(MATERIAL TO PROCESS)
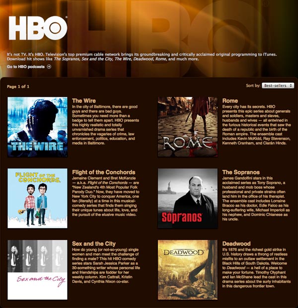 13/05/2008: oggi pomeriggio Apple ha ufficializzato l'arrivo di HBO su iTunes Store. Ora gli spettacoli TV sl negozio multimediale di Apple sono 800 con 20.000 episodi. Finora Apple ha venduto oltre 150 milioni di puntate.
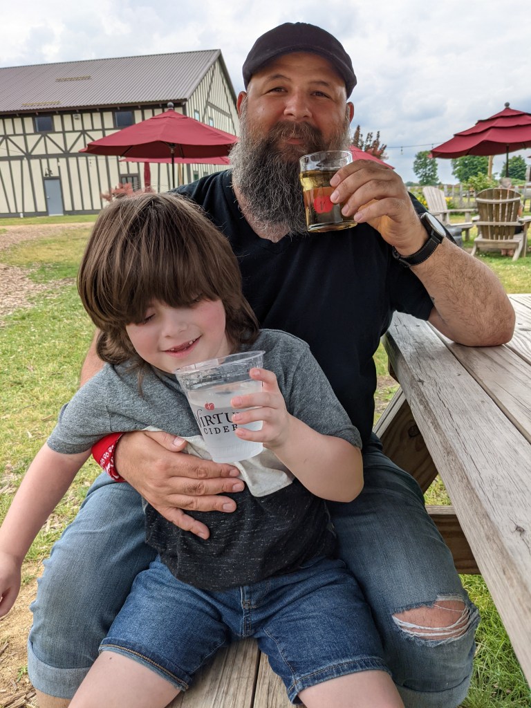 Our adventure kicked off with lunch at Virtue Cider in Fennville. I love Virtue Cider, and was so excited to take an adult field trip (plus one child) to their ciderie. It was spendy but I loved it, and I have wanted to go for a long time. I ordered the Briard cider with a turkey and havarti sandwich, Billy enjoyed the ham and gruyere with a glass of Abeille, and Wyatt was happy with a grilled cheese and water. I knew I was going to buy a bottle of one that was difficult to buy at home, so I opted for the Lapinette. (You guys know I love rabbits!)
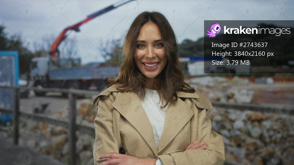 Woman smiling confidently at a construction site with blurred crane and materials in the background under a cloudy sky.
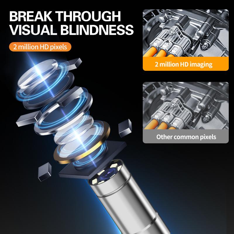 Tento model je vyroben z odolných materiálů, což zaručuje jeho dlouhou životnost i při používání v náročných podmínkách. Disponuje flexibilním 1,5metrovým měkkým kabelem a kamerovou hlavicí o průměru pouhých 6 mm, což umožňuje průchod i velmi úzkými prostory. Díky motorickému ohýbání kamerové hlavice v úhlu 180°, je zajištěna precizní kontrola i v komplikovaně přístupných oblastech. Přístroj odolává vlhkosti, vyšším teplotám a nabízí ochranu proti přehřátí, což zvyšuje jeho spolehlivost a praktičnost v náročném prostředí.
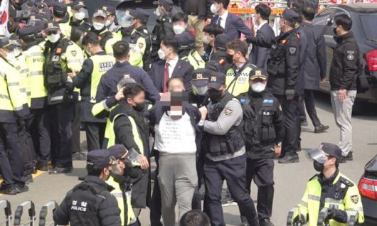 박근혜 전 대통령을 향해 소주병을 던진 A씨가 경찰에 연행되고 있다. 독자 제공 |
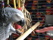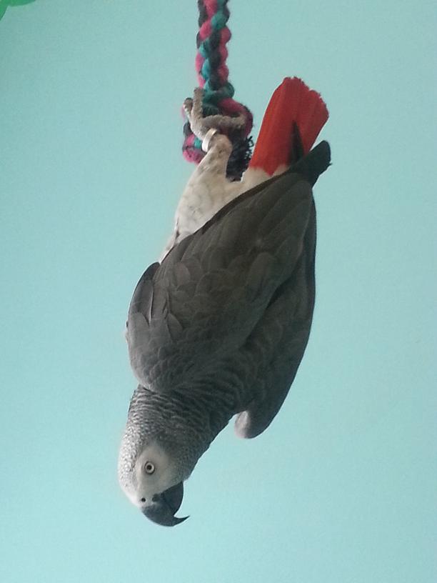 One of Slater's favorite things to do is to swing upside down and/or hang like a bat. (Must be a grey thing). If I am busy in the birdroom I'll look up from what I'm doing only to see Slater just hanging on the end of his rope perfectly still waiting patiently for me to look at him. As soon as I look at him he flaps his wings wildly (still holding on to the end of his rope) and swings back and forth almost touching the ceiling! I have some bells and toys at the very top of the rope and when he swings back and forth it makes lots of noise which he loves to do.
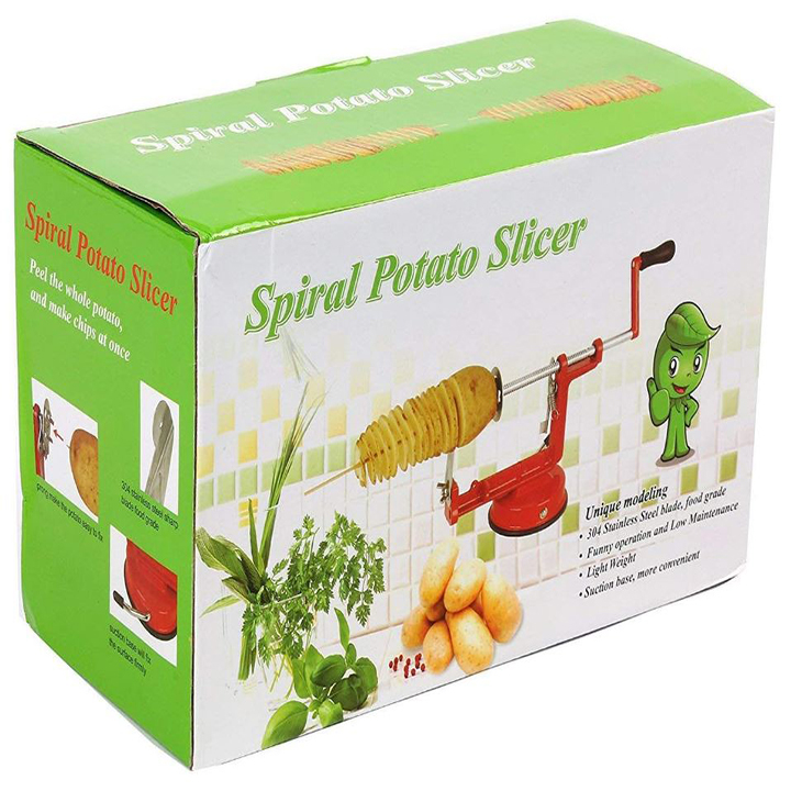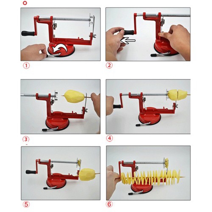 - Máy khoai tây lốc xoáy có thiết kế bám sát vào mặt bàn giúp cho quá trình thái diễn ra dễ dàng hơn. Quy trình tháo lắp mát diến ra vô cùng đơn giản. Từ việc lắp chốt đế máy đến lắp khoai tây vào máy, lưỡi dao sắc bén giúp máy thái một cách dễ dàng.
(End MATERIAL TO PROCESS)
WHAT YOU WILL DO: Only the lines from the beginning of the records up to and including the line with "Woman smiling confidently" should appear, exactly as they are, and no pictures.

ANSWER TO THE EXERCISE:
 13/05/2008: oggi pomeriggio Apple ha ufficializzato l'arrivo di HBO su iTunes Store. Ora gli spettacoli TV sl negozio multimediale di Apple sono 800 con 20.000 episodi. Finora Apple ha venduto oltre 150 milioni di puntate.
 Our adventure kicked off with lunch at Virtue Cider in Fennville. I love Virtue Cider, and was so excited to take an adult field trip (plus one child) to their ciderie. It was spendy but I loved it, and I have wanted to go for a long time. I ordered the Briard cider with a turkey and havarti sandwich, Billy enjoyed the ham and gruyere with a glass of Abeille, and Wyatt was happy with a grilled cheese and water. I knew I was going to buy a bottle of one that was difficult to buy at home, so I opted for the Lapinette. (You guys know I love rabbits!)
 Woman smiling confidently at a construction site with blurred crane and materials in the background under a cloudy sky.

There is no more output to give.